As we did in the previous notebooks, we want to make predictions with different periods of time, until we find the best possible approach to the real price. We are training with all the data, 4 years and 2 years to check the best results:

In [4]:
# Year 2021
btc['ds'] = pd.to_datetime(btc['ds'])
X_test = btc[btc['ds'].dt.year == 2021][['ds']]
X_test

Unnamed: 0,ds
2294,2021-01-01
2295,2021-01-02
2296,2021-01-03
2297,2021-01-04
2298,2021-01-05
...,...
2619,2021-11-22
2620,2021-11-23
2621,2021-11-24
2622,2021-11-25


## Case 1. Training the model with all the Data (2014-2020)

In [5]:
# Full Data
X_train_full_data = btc[btc['ds'].dt.year != 2021]

In [6]:
# Predictions
model = Prophet()
model.fit(X_train_full_data)
forecast = model.predict(X_test)

INFO:fbprophet:Disabling daily seasonality. Run prophet with daily_seasonality=True to override this.


In [7]:
fig = plot_plotly(model, forecast, xlabel='Date', ylabel='Price')
fig.update_layout(title='BTC-USD stock 2021 Predictions - Model trained with Full Data')
fig.show()

In [8]:
# Validating predictions
val = forecast.merge(btc, on='ds', how='right')
val = val[['ds', 'yhat', 'y']]
val.columns = ['Date', 'Predicted Price', 'True Price']
val = val[val.Date.dt.year == 2021]
fig = px.scatter(val, x=val.Date, y=val.columns[1:],
                title='BTC-USD stock 2021 Predictions - Validation')
fig.update_traces(marker_size=5)
fig.show()

In [9]:
# Forecast Components
plot_components_plotly(model, forecast)

The model here don't believe in the last price growth, because is trained with all the data, and just keep following the upper trend, ignoring the most recent results of the price.

In [10]:
# Scores
def scores(y_true, y_pred):
    print('MAE:', mean_absolute_error(y_true, y_pred))
    print('RMSE', np.sqrt(mean_squared_error(y_true, y_pred)))

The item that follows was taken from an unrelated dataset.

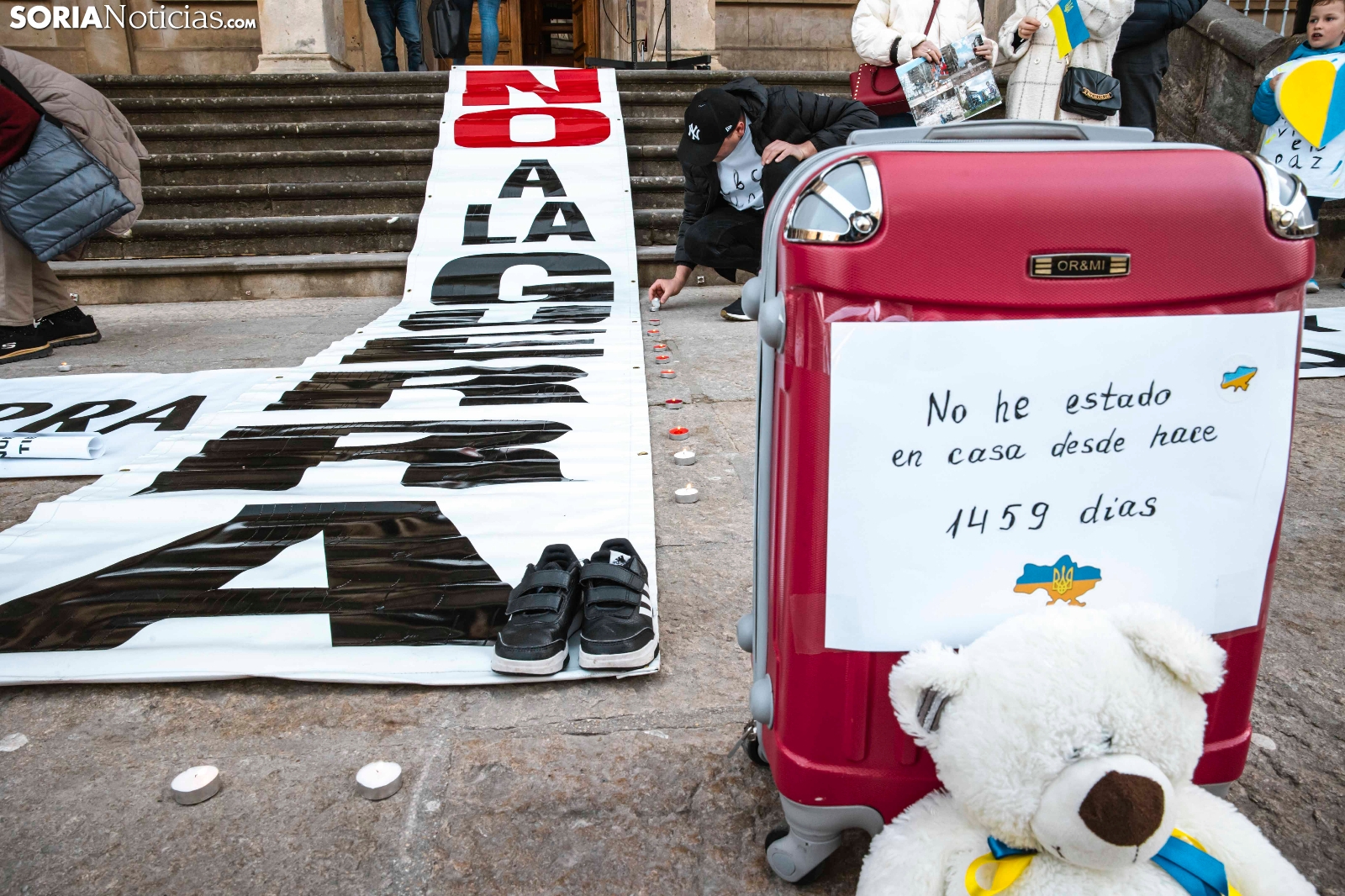 Una de las organizadoras, Marina Masalab, ha explicado a Soria Noticias en qué punto se encuentra esta Guerra: “Cada día estamos peor. Hay numerosas ciudades destruidas sin casas. Tengo a mi familia allí y ahora están a menos 15 grados sin luz ni calefacción”. Lamentando lo ocurrido, esta ucraniana que llegó a Soria en 2017 manifiesta su pesimismo al no saber “cuando terminara todo esto”.
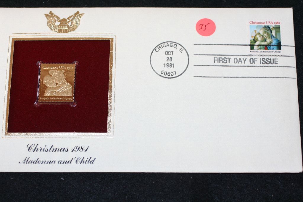 1981 First Day of Issue 22K Gold Replica Stamp W/Postal Stamp; Christmas 1981 Madonna and Child

y_true = btc[btc.ds.dt.year == 2021]['y']
y_pred =  forecast['yhat']
scores(y_true, y_pred)

MAE: 31009.65161318647
RMSE 32596.708939335425


In [11]:
print('Mean BTC Price in 2021: $', round(val['True Price'].mean(), 2))
print(f'Score: ', 1 - 31009 / val['True Price'].mean())

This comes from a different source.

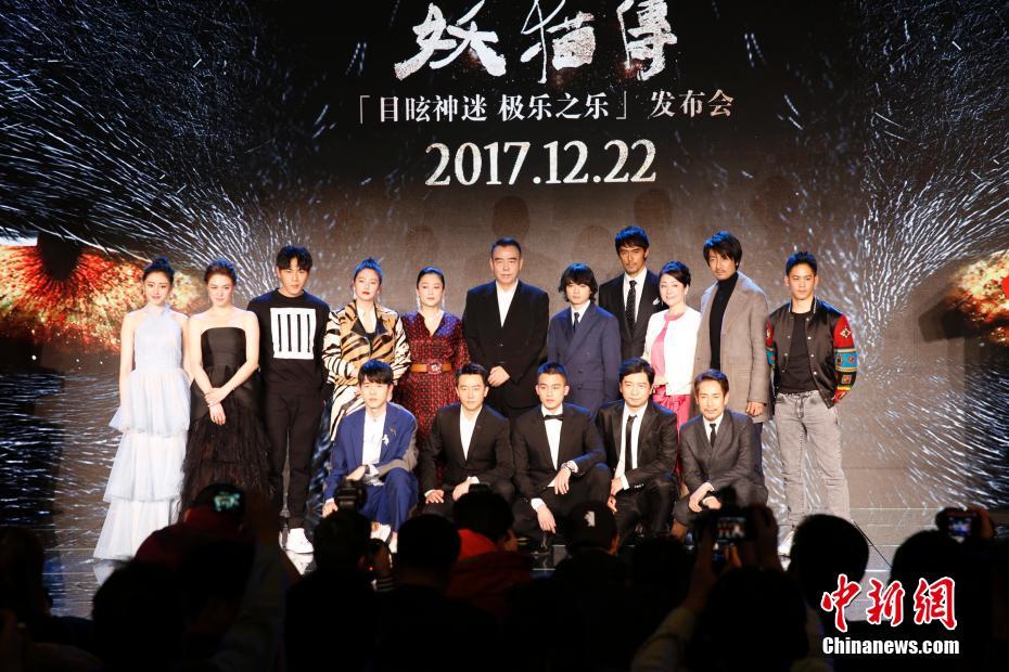 12月17日,由陳凱歌導(dǎo)演的賀歲奇幻題材電影《妖貓傳》在北京舉行全球首映發(fā)布會(huì),導(dǎo)演陳凱歌,制片人陳紅攜主演黃軒、染谷將太、張雨綺、秦昊、張榕容、張魯一、劉昊然、阿部寬、松坂慶子等亮相。影片改編自日本作家夢(mèng)枕貘的魔幻系列小說《沙門空?!罚瑢⒂?2日起在中國內(nèi)地上映。圖為眾主創(chuàng)合影。

Mean BTC Price in 2021: $ 47155.6
Score:  0.34241106345300254


A score of 0.34 is very poor, so let's try to improve our model training with less data.

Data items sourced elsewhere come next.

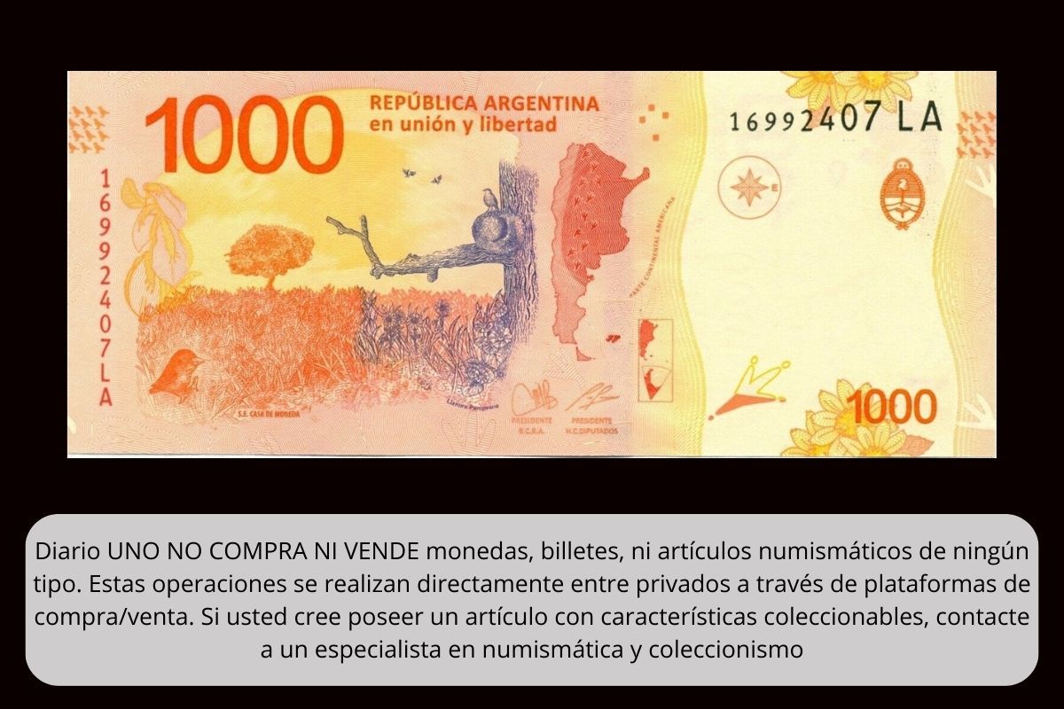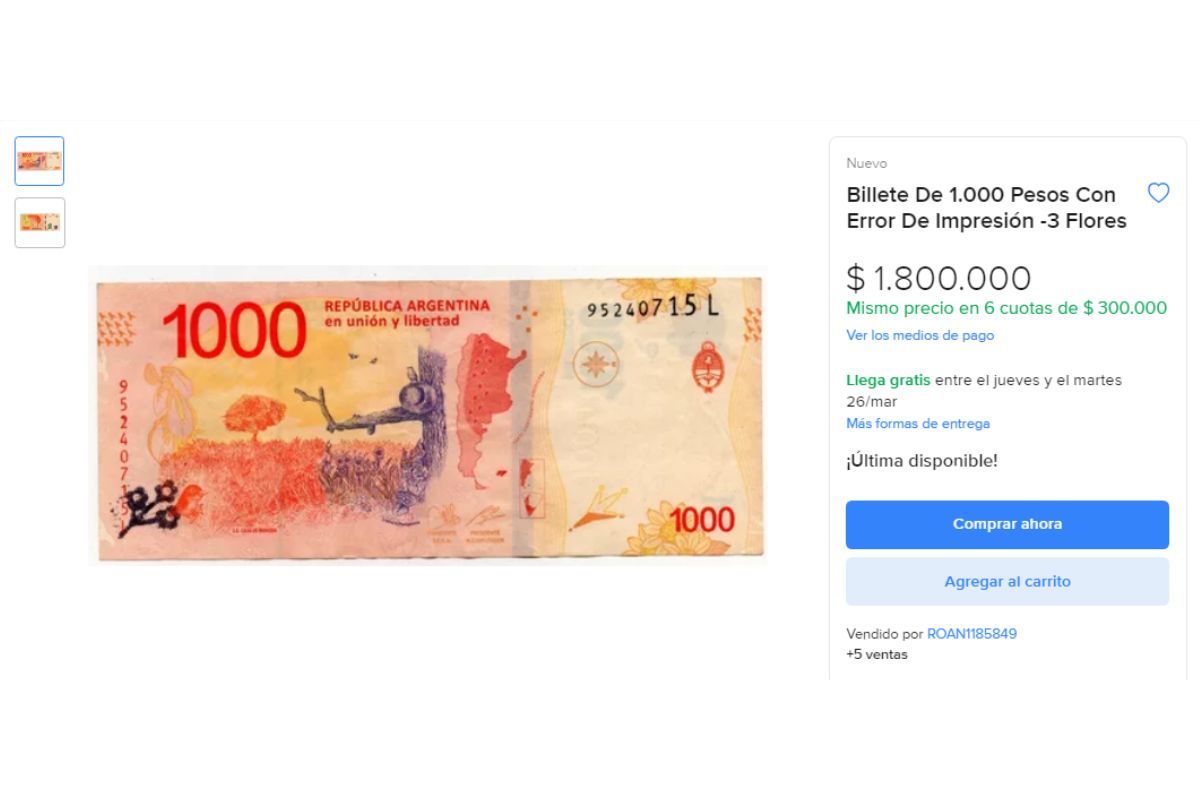 En un mayor detalle, el siguiente billete de 1000 pesos es un artículo que fue publicado en la reconocida plataforma de compraventa de Mercado Libre. Con el característico pájaro Hornero dibujado en el centro de este billete, el dueño de este artículo afirma que este ejemplar de 1000 pesos presenta un error de impresión sobre el ángulo inferior izquierdo, que afecta a las figuras de 3 flores. Por este motivo, varios coleccionistas de monedas y billetes muestran su interés por este artículo que se presenta en pocas oportunidades.
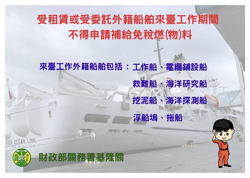 【記者柳芬馨基隆報導】基隆關提醒,外籍工程船補給不適用免稅規定。
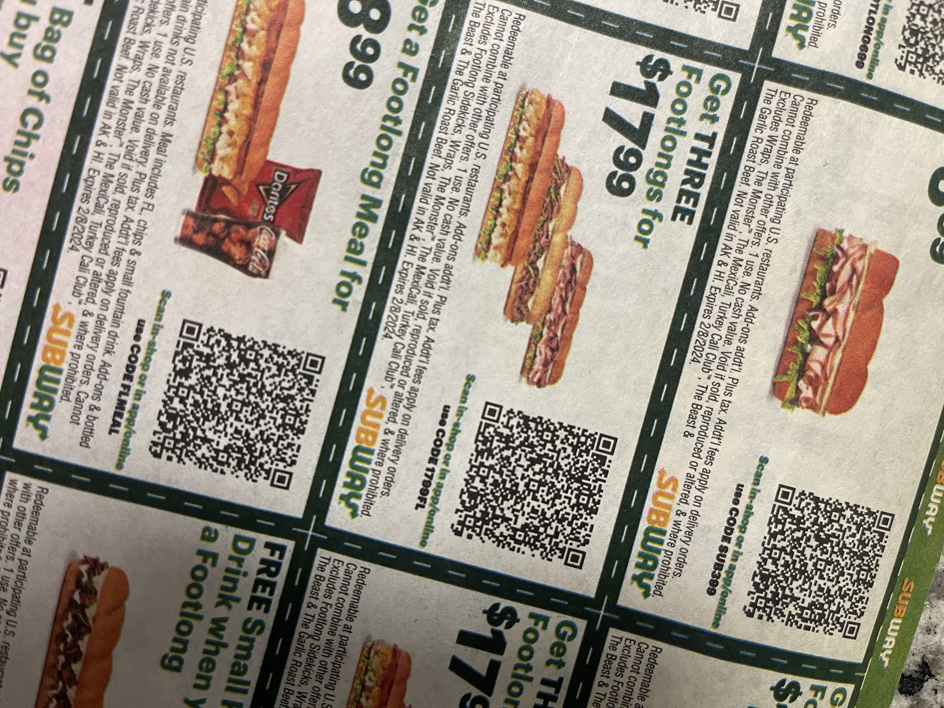 Read moreZero stars. Pathetic customer service by the lady at the counter who first argued about not accepting subway coupons and then when she agreed it appeared as if she is doing a favor. Though I had stated clearly in the beginning that I'm going to use coupons. Also, I planned to use two coupons for 2 subs that I ordered but she said that they can accept only one coupon. Also, she shouted on the young lady staff over there for adding extra cheese to the footlong and was telling me it could be a $2 charge. Avoid this subway...

## Case 2. Training with the last 4 years of data (2017-2020)

In [12]:
# Training data - 2017-20
X_train_last_four = btc[(btc.ds.dt.year >= 2017) & (btc.ds.dt.year <=2020)]
X_train_last_four

Unnamed: 0,ds,y
837,2017-01-01,998.325012
838,2017-01-02,1021.750000
839,2017-01-03,1043.839966
840,2017-01-04,1154.729980
841,2017-01-05,1013.380005
...,...,...
2289,2020-12-27,26272.294922
2290,2020-12-28,27084.808594
2291,2020-12-29,27362.437500
2292,2020-12-30,28840.953125


In [13]:
# Predictions
model = Prophet()
model.fit(X_train_last_four)
forecast2 = model.predict(X_test)
fig = plot_plotly(model, forecast2, xlabel='Date', ylabel='Price')
fig.update_layout(title='BTC-USD 2021 Predictions - Model trained with last 4 years of Data')
fig.show()

INFO:fbprophet:Disabling daily seasonality. Run prophet with daily_seasonality=True to override this.


In [15]:
# Validating predictions
val2 = forecast2.merge(btc, on='ds', how='right')
val2 = val2[['ds', 'yhat', 'y']]
val2.columns = ['Date', 'Predicted Price', 'Real Price']
val2 = val2[val2.Date.dt.year == 2021]
fig = px.scatter(val2, x=val2.Date, y=val2.columns[1:],
                title='BTC-USD stock 2021 Predictions - Validation')
fig.update_traces(marker_size=5)
fig.show()

In [16]:
y_true = btc[btc.ds.dt.year == 2021]['y']
y_pred =  forecast2['yhat']
scores(y_true, y_pred)

MAE: 24400.155706591257
RMSE 26231.5894340771


In [17]:
print('Mean BTC Price in 2021: $', round(val['True Price'].mean(), 2))
print(f'Score: ', 1 - 24400 / val['True Price'].mean())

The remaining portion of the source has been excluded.